From: Eric Biggers <ebiggers@kernel.org>
To: stable@vger.kernel.org
Cc: linux-ext4@vger.kernel.org, stable@kernel.org,
Ye Bin <yebin10@huawei.com>, Theodore Ts'o <tytso@mit.edu>
Subject: [PATCH 5.15 05/10] ext4: fix potential out of bound read in ext4_fc_replay_scan()
Date: Wed, 4 Jan 2023 23:13:54 -0800 [thread overview]
Message-ID: <20230105071359.257952-6-ebiggers@kernel.org> (raw)
In-Reply-To: <20230105071359.257952-1-ebiggers@kernel.org>
From: Ye Bin <yebin10@huawei.com>
commit 1b45cc5c7b920fd8bf72e5a888ec7abeadf41e09 upstream.

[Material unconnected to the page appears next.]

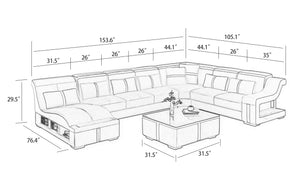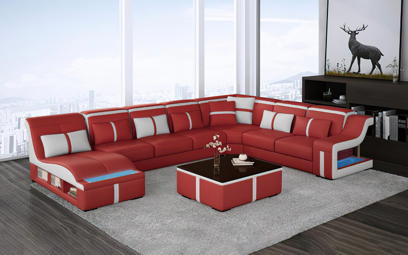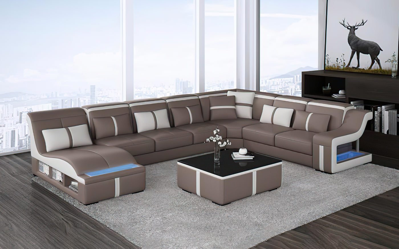 Bring sophistication to your living room with the stylish Lisa Modern Leather Sectional. With ample storage space and the option to add USB ports, cup holders, multi-color LED lights, and even upgrade it with a bed function, this sectional has everything you need to create a comfortable and functional living space. Choose from a range of color options, including custom requests, to ensure that the Navasota Leather Sectional with Shape Chaise fits seamlessly into your existing decor. Whether you prefer bonded leather or top grain leather, we have the perfect material to suit your unique style and needs.Enjoy the perfect balance of comfort and style.
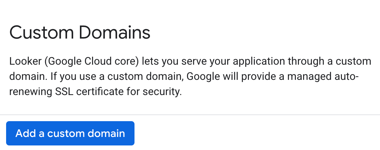 This page explains how to configure a custom domain for your Looker (Google Cloud core) private connections instance using Google-managed certificates. This simplified method eliminates the need for you to obtain, upload, and manage your own SSL certificates or configure a reverse proxy for TLS termination.

For scan loop must ensure that at least EXT4_FC_TAG_BASE_LEN space. If remain
space less than EXT4_FC_TAG_BASE_LEN which will lead to out of bound read
when mounting corrupt file system image.
ADD_RANGE/HEAD/TAIL is needed to add extra check when do journal scan, as this
three tags will read data during scan, tag length couldn't less than data length
which will read.
Cc: stable@kernel.org
Signed-off-by: Ye Bin <yebin10@huawei.com>
Link: https://lore.kernel.org/r/20220924075233.2315259-4-yebin10@huawei.com
Signed-off-by: Theodore Ts'o <tytso@mit.edu>
Signed-off-by: Eric Biggers <ebiggers@google.com>
---
fs/ext4/fast_commit.c | 38 ++++++++++++++++++++++++++++++++++++--
1 file changed, 36 insertions(+), 2 deletions(-)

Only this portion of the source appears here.